France’s data protection authority, CNIL, fined American Express Carte France €1.5 million for placing advertising cookies on user devices without prior consent. Inspectors found that the company’s website installed tracking cookies as soon as visitors accessed the homepage. The cookies were active before a consent banner appeared and continued to operate even when users selected refusal options. CNIL said some cookies also remained active after consent was withdrawn.
American Express Carte France offers card and financial services through its online platform. CNIL stated that the company failed to meet its legal obligations under French data protection law, which requires that advertising and tracking cookies be installed only after users have given explicit consent. These rules apply to cookies used for behavioural analysis, targeted advertising or other non-essential functions.
The authority carried out inspections in January 2023. According to its decision, the company did not correctly manage consent collection, did not prevent non-essential cookies from loading automatically and did not stop processing when users opted out. CNIL emphasised that these requirements have been in place for several years and that organisations are expected to implement effective consent mechanisms.
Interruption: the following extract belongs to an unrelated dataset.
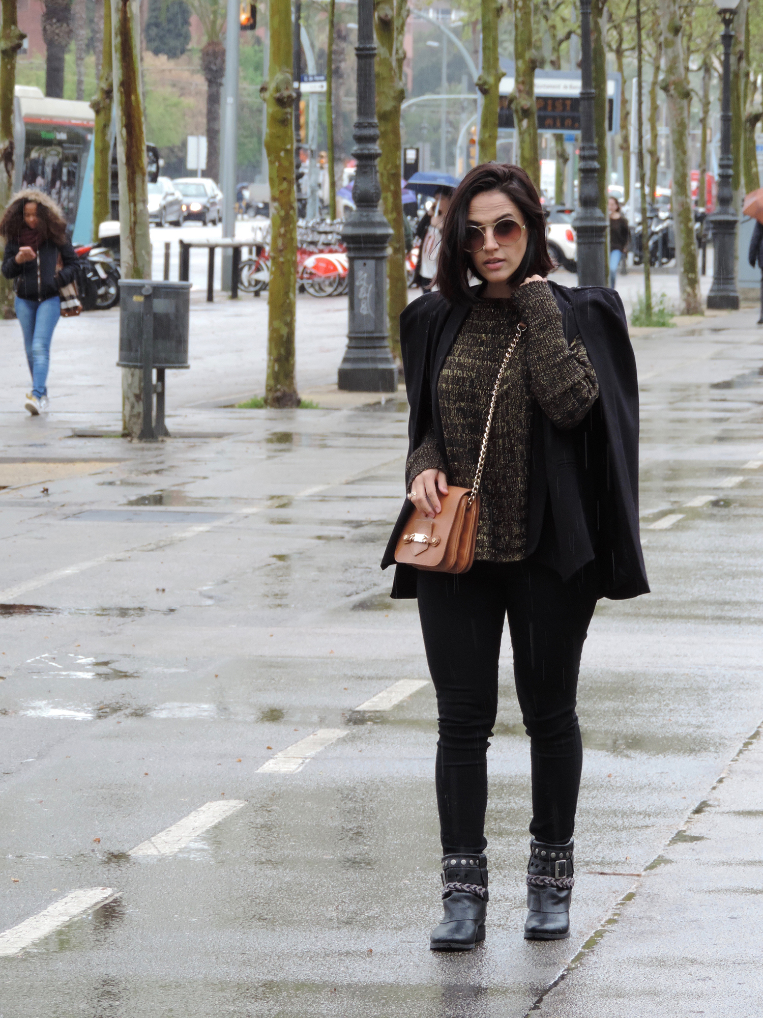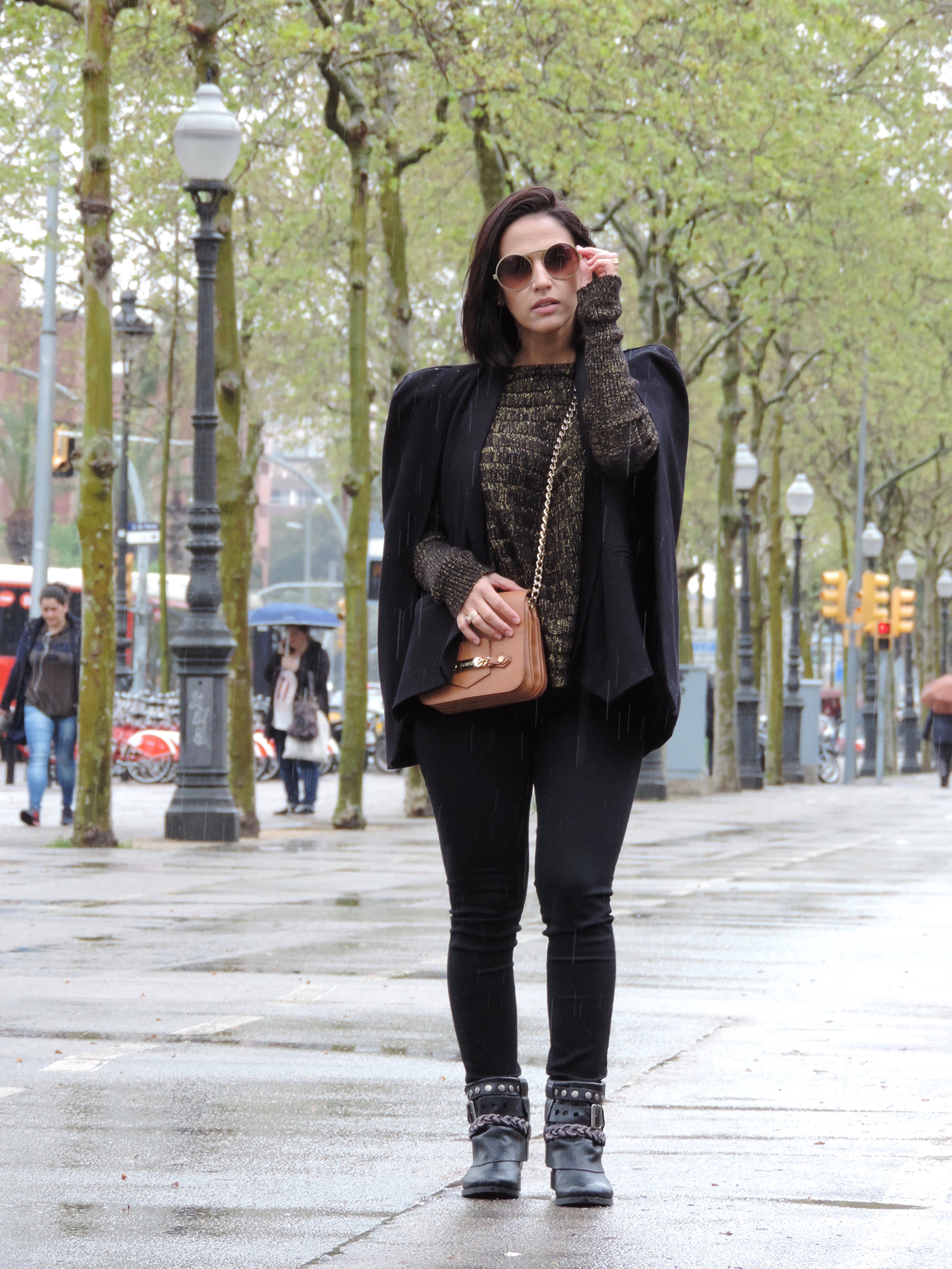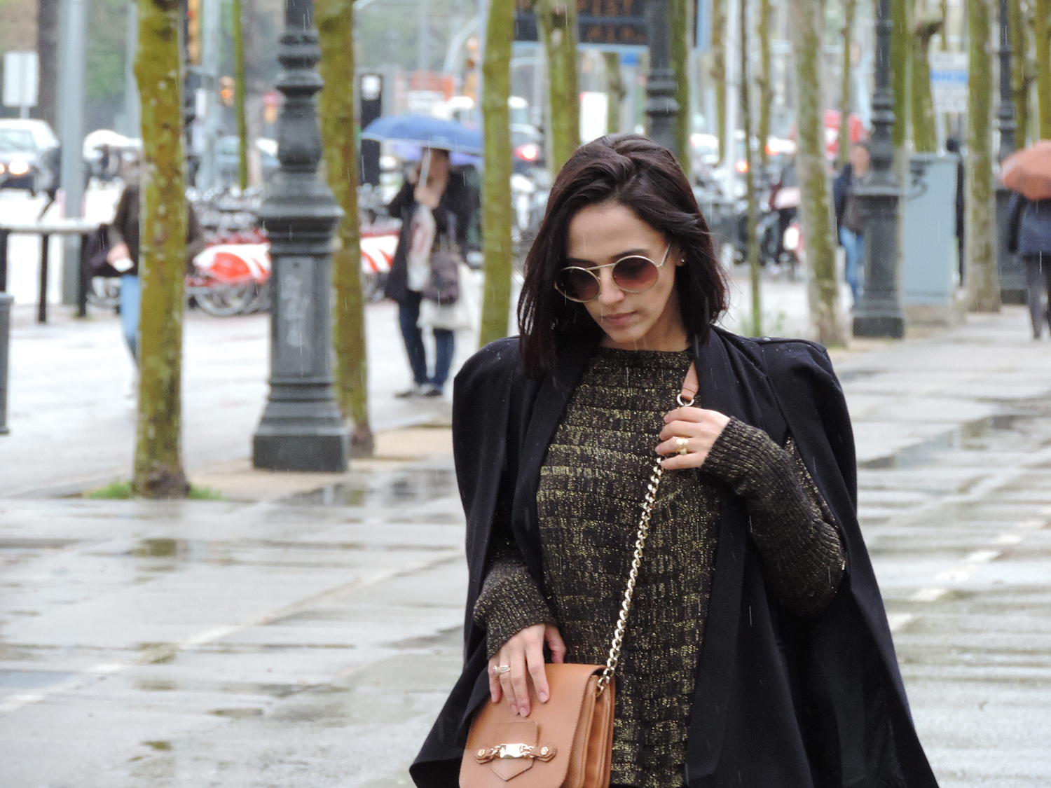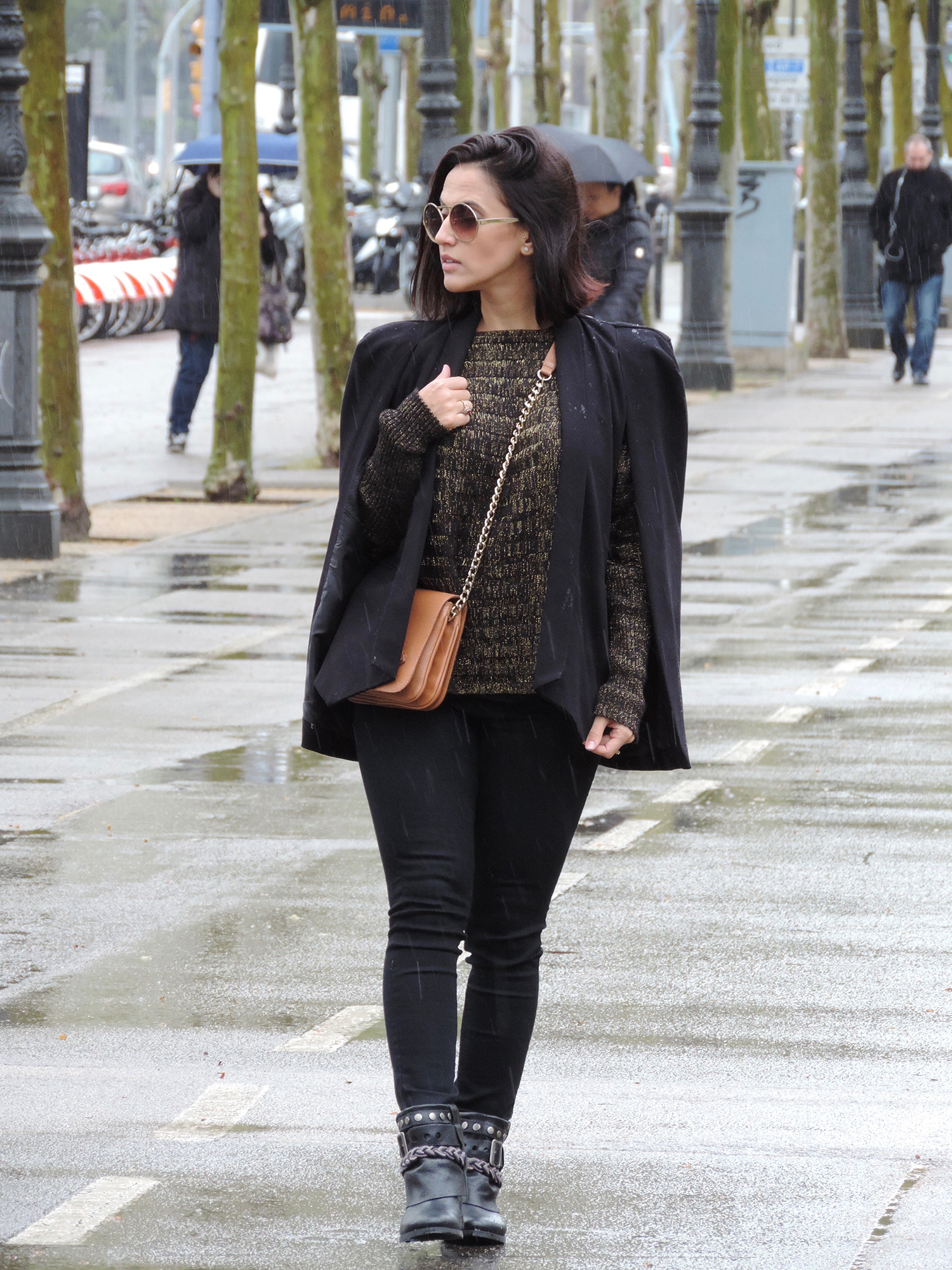 Apostar nos acessórios certos dão mais efeito ao look monocromático. Neste caso, optei pela bolsa na cor caramelo com alça de corrente, bota de cano trabalhado e nos óculos redondos dourados.

Under EU and French privacy regulations, consent must be given freely and in advance. Users must also be able to withdraw consent easily. CNIL said American Express Carte France did not meet these standards. The authority noted that violations related to cookies are a recurring focus of enforcement because tracking technologies can reveal browsing patterns and personal preferences.
American Express said it has made changes to meet compliance requirements. The authority confirmed that some corrective measures had already been implemented by the time the decision was issued.
The case adds to a series of enforcement actions across Europe targeting companies that fail to follow cookie rules. CNIL has issued several fines to firms in sectors including retail, media and technology. Analysts said the fine demonstrates that compliance obligations apply equally to financial institutions and non-financial companies.
Users who visited the affected website may wish to review their browser settings and remove unwanted cookies. Privacy specialists recommend that users check consent banners carefully and refuse non-essential tracking if they prefer limited data exposure.